People who run online forums are prohibited from making money by deleting or recommending comments, according to regulations released on Friday by the Office of the Central Leading Group for Cyberspace Affairs.

The rules take effect on Oct 1.

Employees of online platforms should not delete or recommend posts based on subjective opinions about their value or to earn money, the regulations said.

"They are also forbidden from deploying software or hiring people or commercial agencies to spread messages," they said. Forums were urged to operate within the law and according to commercial ethics, and operators were encouraged to shoulder their social responsibility.

New rules ban forum tinkering

Online forums were also asked to improve technology to protect people's personal information. Safety defects and loopholes that create risks should be found and remedied in a timely manner.

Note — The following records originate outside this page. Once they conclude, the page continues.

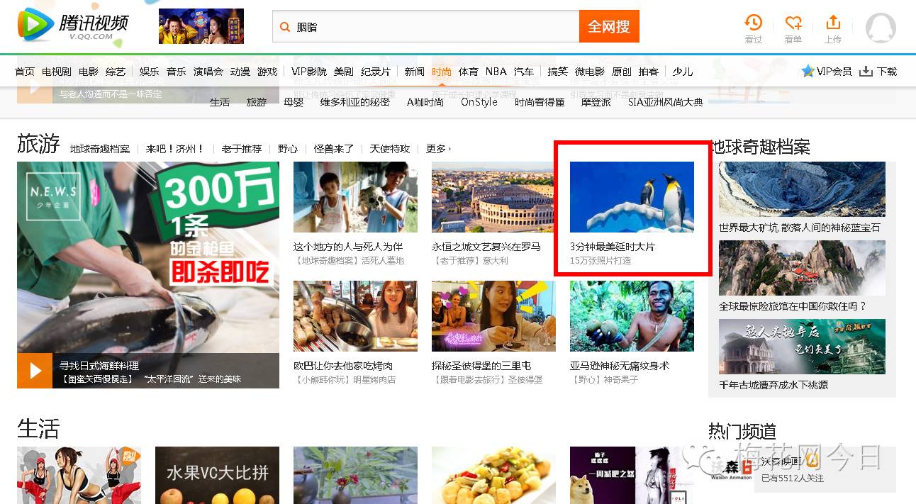 《15万张照片,打造3分钟最美延时大片》这条三分钟延时视频,在腾讯等视频网站上短短三天就录的超过500万观看量。
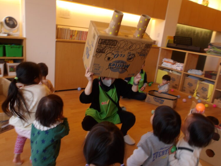 たくさんの豆を入れた段ボール箱を持って、果敢に鬼に立ち向かっていたあひる組さん✨
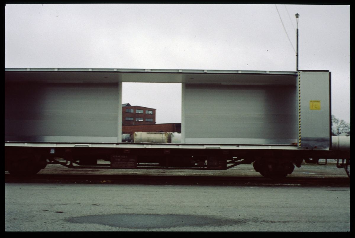 Statens Järnvägar, SJ jumbocontainer 1361 001 lastad på SJ Lgjs 42-74-440 4 635-8. Statens Järnvägar.
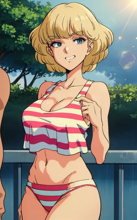 1girl, blonde hair, freckles, short hair, eyeshadow, makeup, bangs, breasts,
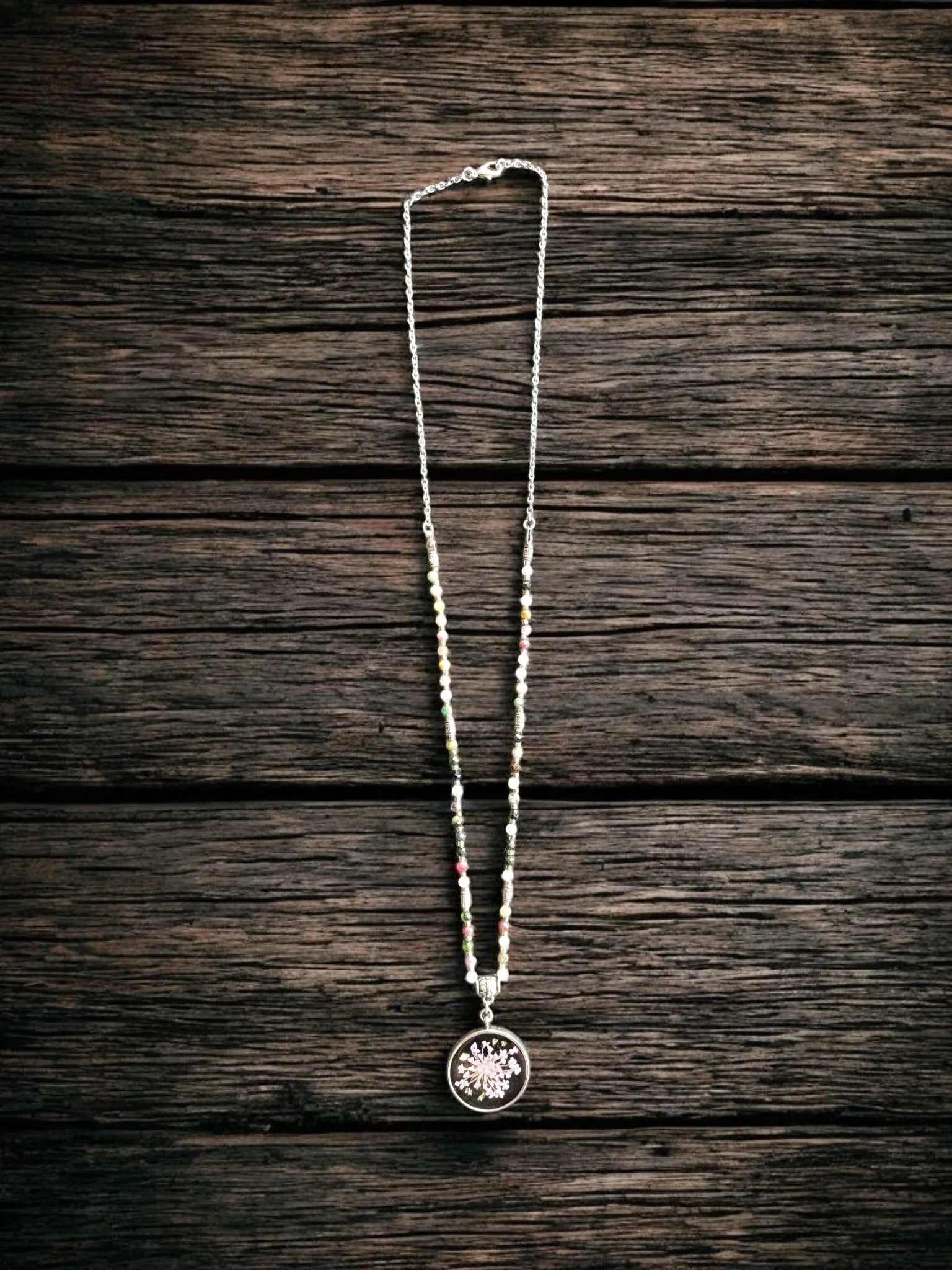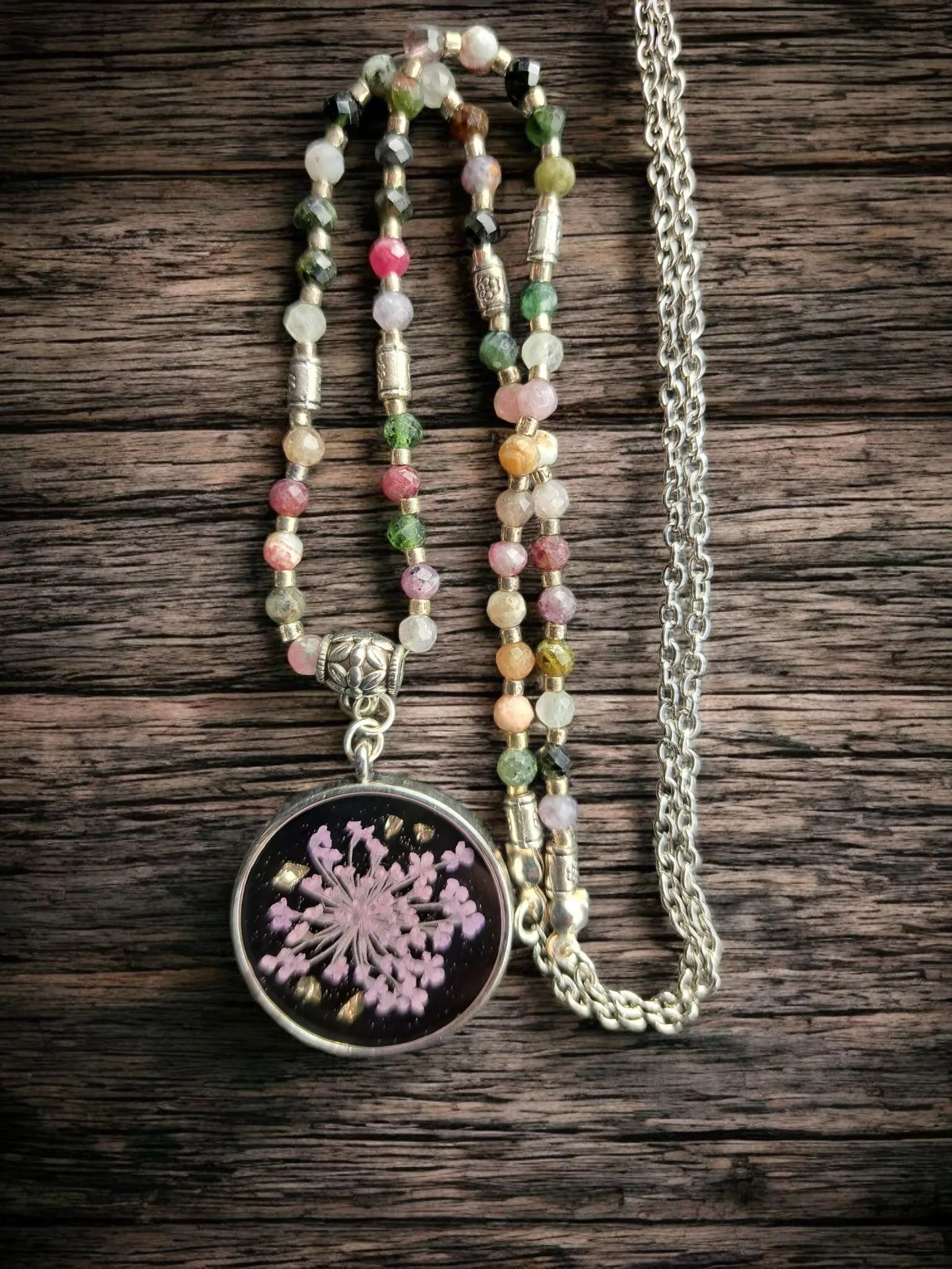 Naszyjnik wykonany z naturalnych kamieni turmalinu. Zawieszka wykonana z żywicy epoksydowej z kwiatem dzikiej marchwi. Naszyjnik jest łączony. Druga część to łańcuszek ze stali nierdzewnej. Całkowita długość łańcuszka 60 cm. Średnica zawieszki 2,7 cm. Pakowany w pudełko prezentowe.
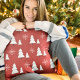 Coussin décoratif de Noël rouge avec silhouettes de pin blanc et flocons de neige

The regulations were released in the wake of a number of incidents that sparked public's attention. For example, Baidu Tieba, an online discussion platform, was accused last year of selling users' information from its hemophilia forum to unregulated private hospitals, making it easier for the hospitals to reach potential clients. The accusation triggered heated discussions about information security and the commercial ethics of websites.

The administration said that while online posts and comments have enriched people's lives, phenomena such as the spreading of rumors, the use of vulgar or otherwise uncivilized words and the posting of illegal information have emerged and created disorder.

Such incidents should be controlled and punished, making for a better online environment, it said.

The regulations also ask cyberspace affairs offices at the provincial and regional levels to set up a credit and blacklist system as a way to strengthen management and supervision of online forums.

Liu Deliang, a professor of law at Beijing Normal University, said the regulations should be more detailed and specific. He said they should guide the actions not only of online forums but also the general behavior of internet users.

"I think it's not necessary to set up credit and blacklist systems in provinces and regions, as that will result in different standards and judgments between offices across the country," he said.

In addition to the requirements for forum operators, the regulations said the platforms should check users' information carefully to confirm real identities before allowing people to post and comment.

"Websites should stick to a principle that each user's real name is visible at the website's back end, while users can decide the names they want to use on the front end," the regulations said.